Pictures excluded, reproduce exactly the lines below from the one with "RTO蓄熱式燃燒裝置用于有機" through the one with "10月18日上午,长安公安分", both included.

::::

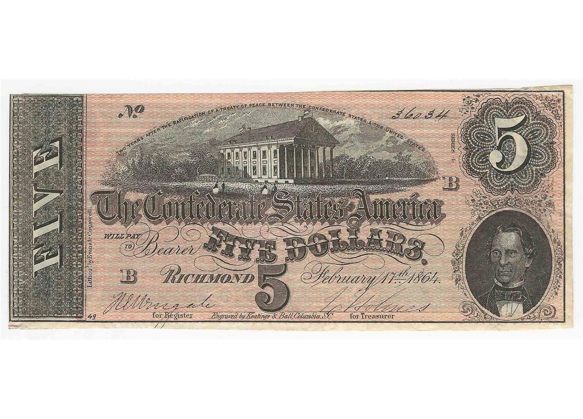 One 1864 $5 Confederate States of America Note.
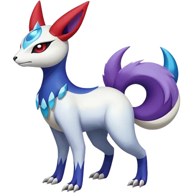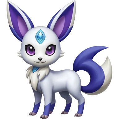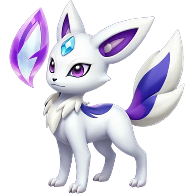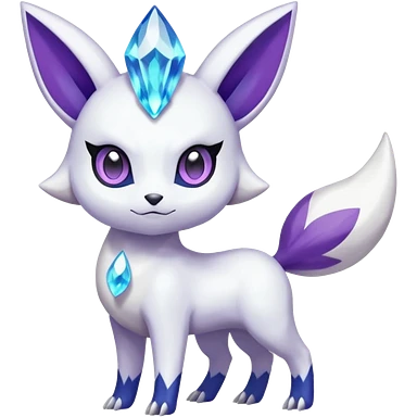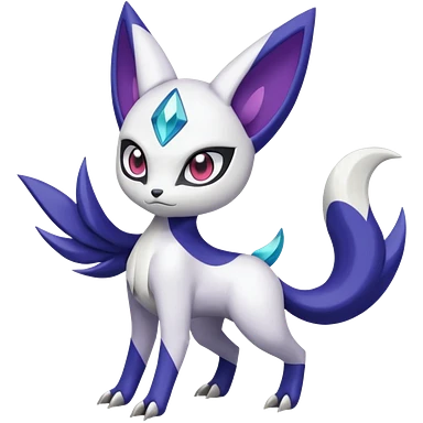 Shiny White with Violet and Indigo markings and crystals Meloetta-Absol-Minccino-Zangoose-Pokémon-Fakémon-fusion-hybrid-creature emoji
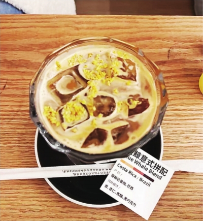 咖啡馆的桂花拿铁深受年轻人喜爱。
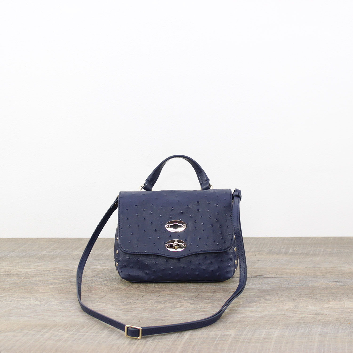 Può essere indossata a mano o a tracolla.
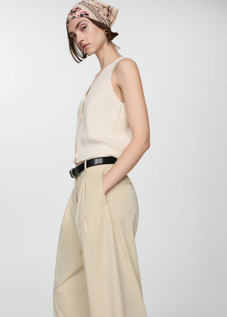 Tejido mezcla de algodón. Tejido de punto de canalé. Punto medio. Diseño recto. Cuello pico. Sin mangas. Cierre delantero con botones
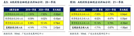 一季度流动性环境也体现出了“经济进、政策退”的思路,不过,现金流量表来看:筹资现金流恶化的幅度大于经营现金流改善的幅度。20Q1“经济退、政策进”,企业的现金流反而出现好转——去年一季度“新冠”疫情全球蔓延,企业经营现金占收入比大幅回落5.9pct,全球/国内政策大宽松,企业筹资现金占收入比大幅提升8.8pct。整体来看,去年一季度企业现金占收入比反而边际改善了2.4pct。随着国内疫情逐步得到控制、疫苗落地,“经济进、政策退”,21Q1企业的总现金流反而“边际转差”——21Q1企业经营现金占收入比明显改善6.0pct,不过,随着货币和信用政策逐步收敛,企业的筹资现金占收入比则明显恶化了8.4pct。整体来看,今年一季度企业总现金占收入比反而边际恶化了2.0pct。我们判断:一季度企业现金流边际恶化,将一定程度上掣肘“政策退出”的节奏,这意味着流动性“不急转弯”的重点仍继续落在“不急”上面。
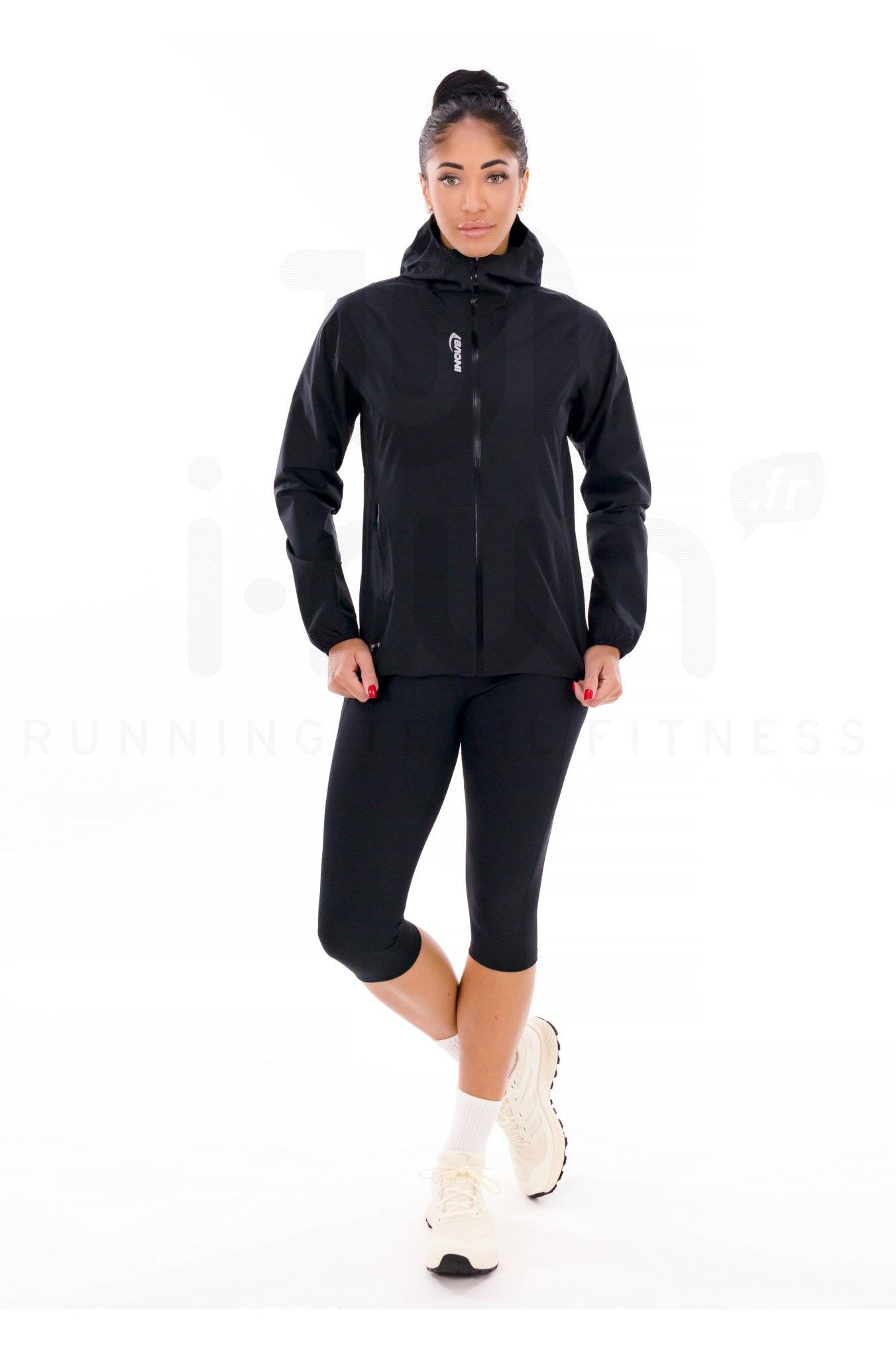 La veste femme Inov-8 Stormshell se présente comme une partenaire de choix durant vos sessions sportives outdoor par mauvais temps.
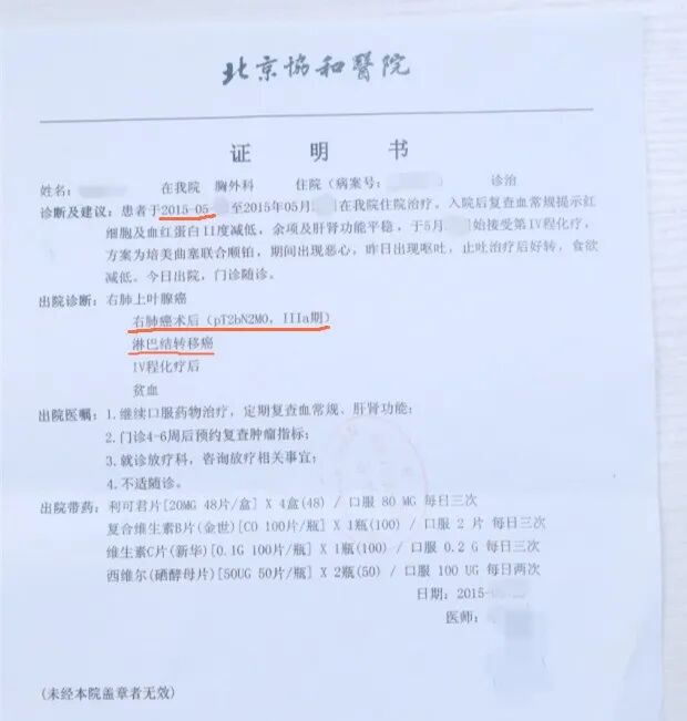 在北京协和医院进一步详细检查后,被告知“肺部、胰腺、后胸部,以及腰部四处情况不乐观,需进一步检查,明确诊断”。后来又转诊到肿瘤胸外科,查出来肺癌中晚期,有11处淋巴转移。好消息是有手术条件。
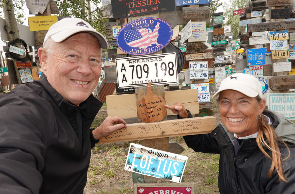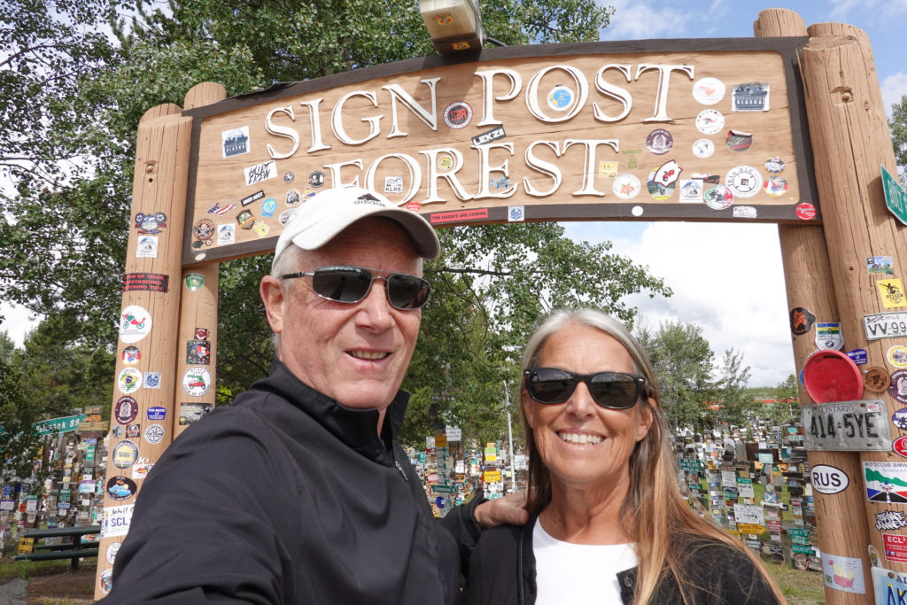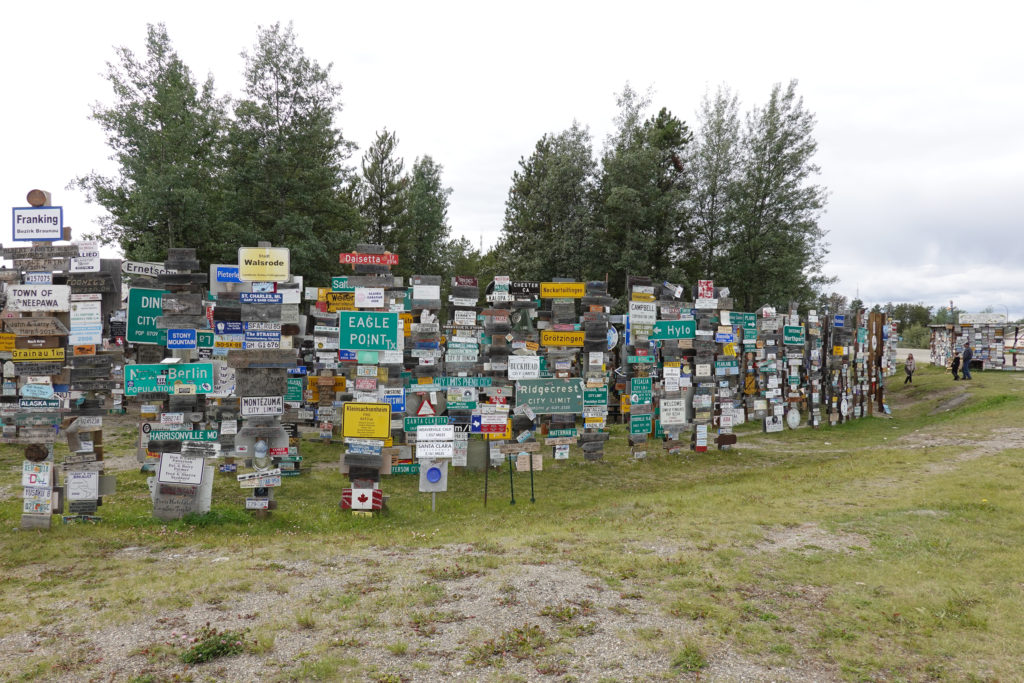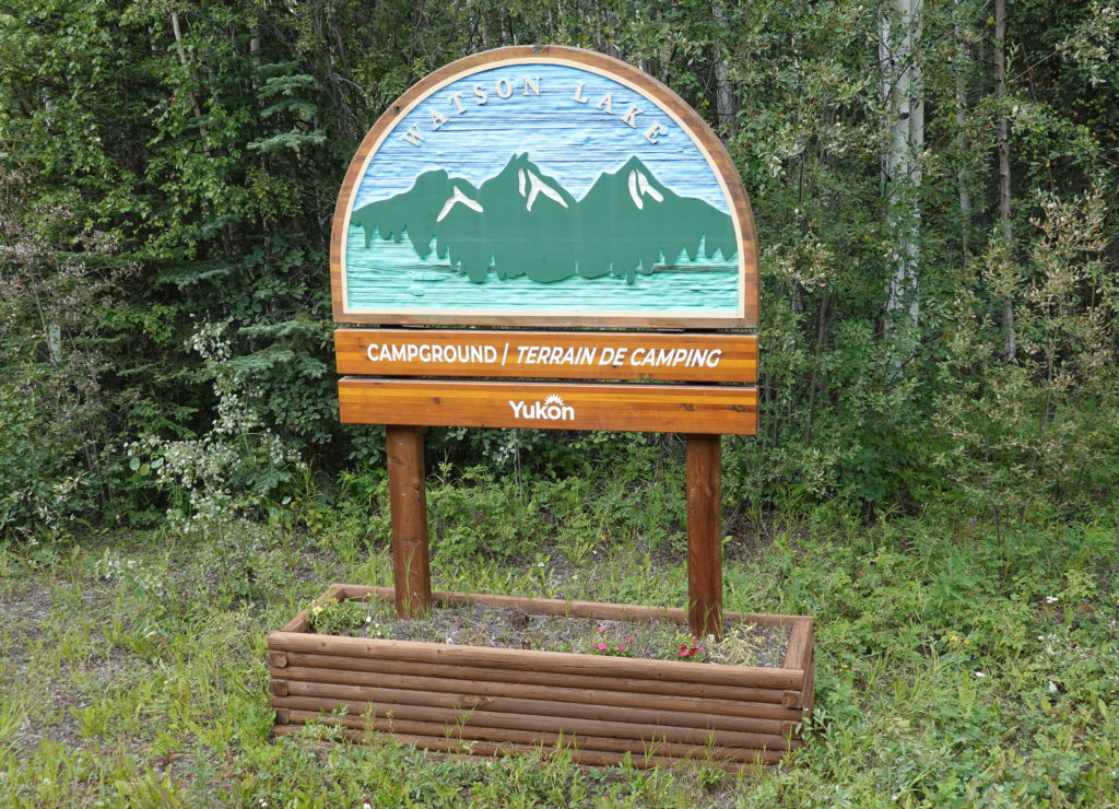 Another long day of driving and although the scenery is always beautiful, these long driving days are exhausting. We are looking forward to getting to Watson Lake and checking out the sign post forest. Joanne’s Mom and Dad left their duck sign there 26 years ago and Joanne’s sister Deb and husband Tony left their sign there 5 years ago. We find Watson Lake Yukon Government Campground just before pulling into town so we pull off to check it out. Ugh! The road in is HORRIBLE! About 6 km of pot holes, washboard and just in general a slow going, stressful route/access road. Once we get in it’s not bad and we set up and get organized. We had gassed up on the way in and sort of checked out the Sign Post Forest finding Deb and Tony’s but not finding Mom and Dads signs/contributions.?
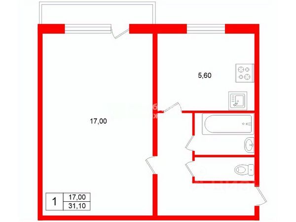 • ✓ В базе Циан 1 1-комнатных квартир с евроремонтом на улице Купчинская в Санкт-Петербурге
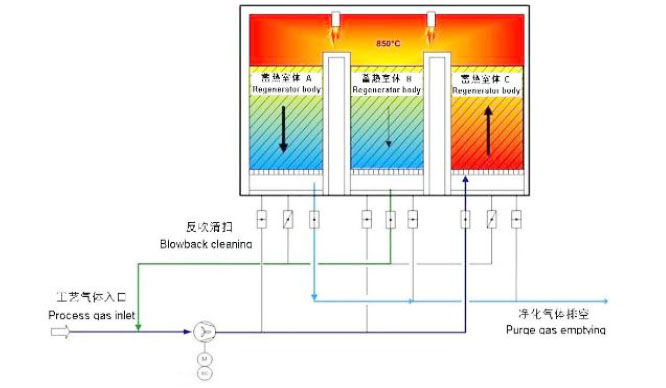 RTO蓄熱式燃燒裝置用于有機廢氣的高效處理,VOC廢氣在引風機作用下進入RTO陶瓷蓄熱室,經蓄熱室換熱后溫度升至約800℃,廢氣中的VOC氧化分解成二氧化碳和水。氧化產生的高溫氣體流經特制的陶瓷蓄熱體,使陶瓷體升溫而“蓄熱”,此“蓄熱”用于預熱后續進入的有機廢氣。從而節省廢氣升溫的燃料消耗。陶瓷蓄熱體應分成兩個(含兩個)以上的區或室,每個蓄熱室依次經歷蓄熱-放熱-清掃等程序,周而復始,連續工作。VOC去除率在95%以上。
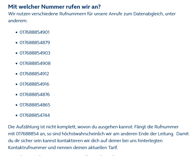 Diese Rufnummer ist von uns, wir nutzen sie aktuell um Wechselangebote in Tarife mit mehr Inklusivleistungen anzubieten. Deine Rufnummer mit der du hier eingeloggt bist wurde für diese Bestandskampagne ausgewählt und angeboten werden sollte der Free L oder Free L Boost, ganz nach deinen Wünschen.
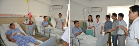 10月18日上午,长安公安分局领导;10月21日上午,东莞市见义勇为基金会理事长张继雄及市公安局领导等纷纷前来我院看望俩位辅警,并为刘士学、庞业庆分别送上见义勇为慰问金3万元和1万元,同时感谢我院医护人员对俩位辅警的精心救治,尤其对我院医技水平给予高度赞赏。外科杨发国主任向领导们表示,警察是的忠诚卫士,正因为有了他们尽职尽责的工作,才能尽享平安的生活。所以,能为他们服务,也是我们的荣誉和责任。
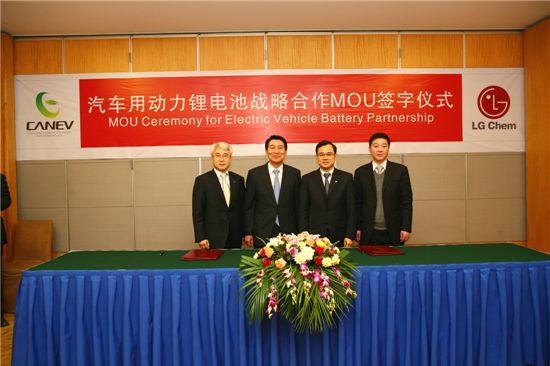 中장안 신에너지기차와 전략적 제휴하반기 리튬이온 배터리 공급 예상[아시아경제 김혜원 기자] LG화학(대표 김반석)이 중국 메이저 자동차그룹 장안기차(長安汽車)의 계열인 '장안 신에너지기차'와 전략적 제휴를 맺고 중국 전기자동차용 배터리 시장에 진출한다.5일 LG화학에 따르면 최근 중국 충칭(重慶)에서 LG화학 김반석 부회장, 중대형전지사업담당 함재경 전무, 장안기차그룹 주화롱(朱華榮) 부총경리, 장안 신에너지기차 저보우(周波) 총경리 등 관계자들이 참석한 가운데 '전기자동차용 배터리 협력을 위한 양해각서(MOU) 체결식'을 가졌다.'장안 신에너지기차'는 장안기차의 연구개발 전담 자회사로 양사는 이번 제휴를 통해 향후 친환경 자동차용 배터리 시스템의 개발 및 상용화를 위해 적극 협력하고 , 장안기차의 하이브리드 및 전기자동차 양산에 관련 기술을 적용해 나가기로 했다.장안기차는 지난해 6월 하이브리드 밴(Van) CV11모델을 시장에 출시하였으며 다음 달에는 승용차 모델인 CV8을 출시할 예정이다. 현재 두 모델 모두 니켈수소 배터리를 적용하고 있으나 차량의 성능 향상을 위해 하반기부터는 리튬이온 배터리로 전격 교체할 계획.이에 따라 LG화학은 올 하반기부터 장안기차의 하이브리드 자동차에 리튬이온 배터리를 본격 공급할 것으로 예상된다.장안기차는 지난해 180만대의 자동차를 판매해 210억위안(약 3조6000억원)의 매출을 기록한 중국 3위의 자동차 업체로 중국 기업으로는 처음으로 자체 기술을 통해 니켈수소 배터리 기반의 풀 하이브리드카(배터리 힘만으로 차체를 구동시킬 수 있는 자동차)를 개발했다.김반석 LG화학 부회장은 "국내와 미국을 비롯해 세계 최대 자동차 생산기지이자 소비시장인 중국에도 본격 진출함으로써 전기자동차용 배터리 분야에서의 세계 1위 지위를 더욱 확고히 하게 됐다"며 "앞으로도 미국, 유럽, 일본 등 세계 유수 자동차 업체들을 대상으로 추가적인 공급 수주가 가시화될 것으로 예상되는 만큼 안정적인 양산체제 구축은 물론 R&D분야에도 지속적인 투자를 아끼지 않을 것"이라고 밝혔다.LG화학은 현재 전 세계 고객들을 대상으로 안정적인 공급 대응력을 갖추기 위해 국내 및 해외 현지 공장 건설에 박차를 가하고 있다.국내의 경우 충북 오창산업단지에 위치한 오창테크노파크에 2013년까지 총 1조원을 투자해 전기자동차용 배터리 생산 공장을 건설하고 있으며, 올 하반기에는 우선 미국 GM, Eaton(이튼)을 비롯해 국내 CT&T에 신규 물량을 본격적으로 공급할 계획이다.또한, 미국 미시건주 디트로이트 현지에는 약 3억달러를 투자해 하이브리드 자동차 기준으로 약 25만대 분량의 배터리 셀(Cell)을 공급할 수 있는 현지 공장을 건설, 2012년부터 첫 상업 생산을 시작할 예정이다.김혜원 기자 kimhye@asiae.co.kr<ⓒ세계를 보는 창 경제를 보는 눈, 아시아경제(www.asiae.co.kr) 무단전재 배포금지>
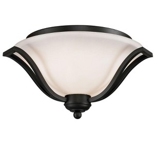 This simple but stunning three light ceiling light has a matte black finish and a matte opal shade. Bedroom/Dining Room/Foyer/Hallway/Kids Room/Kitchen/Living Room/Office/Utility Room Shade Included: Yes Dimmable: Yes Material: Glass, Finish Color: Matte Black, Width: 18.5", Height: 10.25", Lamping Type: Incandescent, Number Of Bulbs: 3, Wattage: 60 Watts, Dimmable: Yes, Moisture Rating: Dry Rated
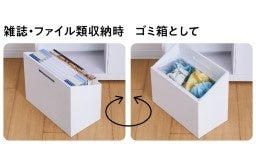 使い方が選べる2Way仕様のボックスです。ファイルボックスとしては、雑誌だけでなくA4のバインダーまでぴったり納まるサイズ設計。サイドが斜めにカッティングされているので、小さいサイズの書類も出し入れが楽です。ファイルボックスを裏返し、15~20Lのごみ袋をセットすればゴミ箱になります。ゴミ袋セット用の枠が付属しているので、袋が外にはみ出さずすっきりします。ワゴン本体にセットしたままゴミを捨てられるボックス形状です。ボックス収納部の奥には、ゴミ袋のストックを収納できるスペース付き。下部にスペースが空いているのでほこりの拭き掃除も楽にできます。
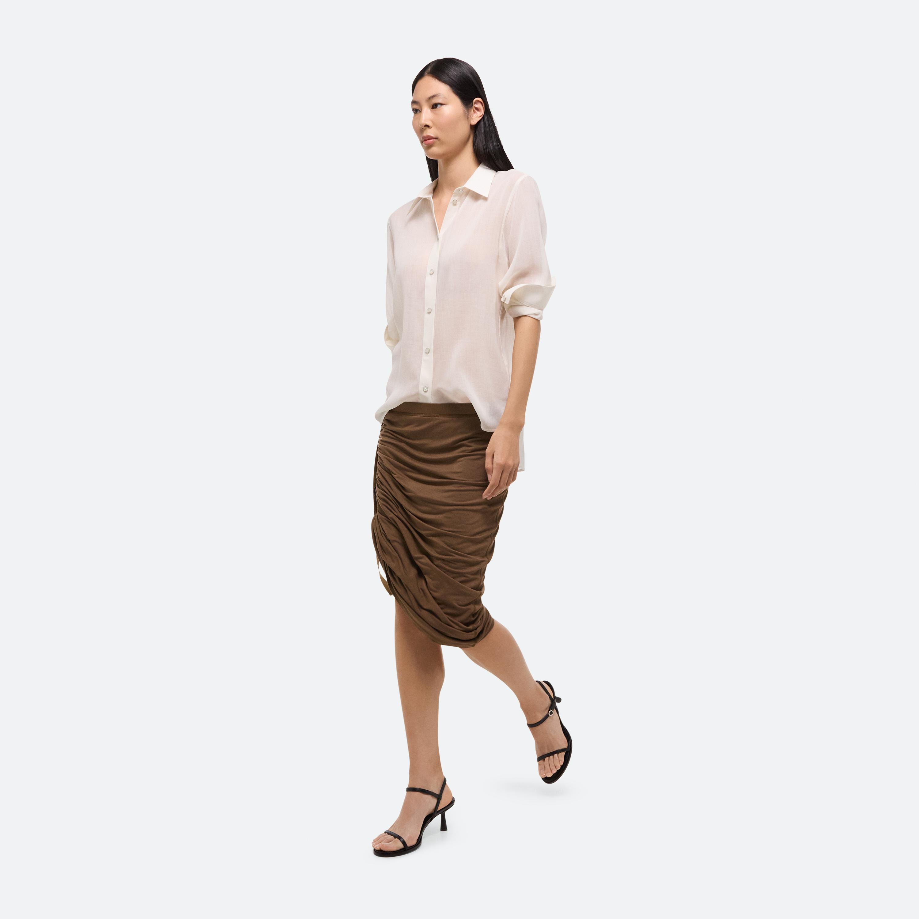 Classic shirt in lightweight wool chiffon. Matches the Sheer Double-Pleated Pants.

::::

Response to the task -
 RTO蓄熱式燃燒裝置用于有機廢氣的高效處理,VOC廢氣在引風機作用下進入RTO陶瓷蓄熱室,經蓄熱室換熱后溫度升至約800℃,廢氣中的VOC氧化分解成二氧化碳和水。氧化產生的高溫氣體流經特制的陶瓷蓄熱體,使陶瓷體升溫而“蓄熱”,此“蓄熱”用于預熱后續進入的有機廢氣。從而節省廢氣升溫的燃料消耗。陶瓷蓄熱體應分成兩個(含兩個)以上的區或室,每個蓄熱室依次經歷蓄熱-放熱-清掃等程序,周而復始,連續工作。VOC去除率在95%以上。
 Diese Rufnummer ist von uns, wir nutzen sie aktuell um Wechselangebote in Tarife mit mehr Inklusivleistungen anzubieten. Deine Rufnummer mit der du hier eingeloggt bist wurde für diese Bestandskampagne ausgewählt und angeboten werden sollte der Free L oder Free L Boost, ganz nach deinen Wünschen.
 10月18日上午,长安公安分局领导;10月21日上午,东莞市见义勇为基金会理事长张继雄及市公安局领导等纷纷前来我院看望俩位辅警,并为刘士学、庞业庆分别送上见义勇为慰问金3万元和1万元,同时感谢我院医护人员对俩位辅警的精心救治,尤其对我院医技水平给予高度赞赏。外科杨发国主任向领导们表示,警察是的忠诚卫士,正因为有了他们尽职尽责的工作,才能尽享平安的生活。所以,能为他们服务,也是我们的荣誉和责任。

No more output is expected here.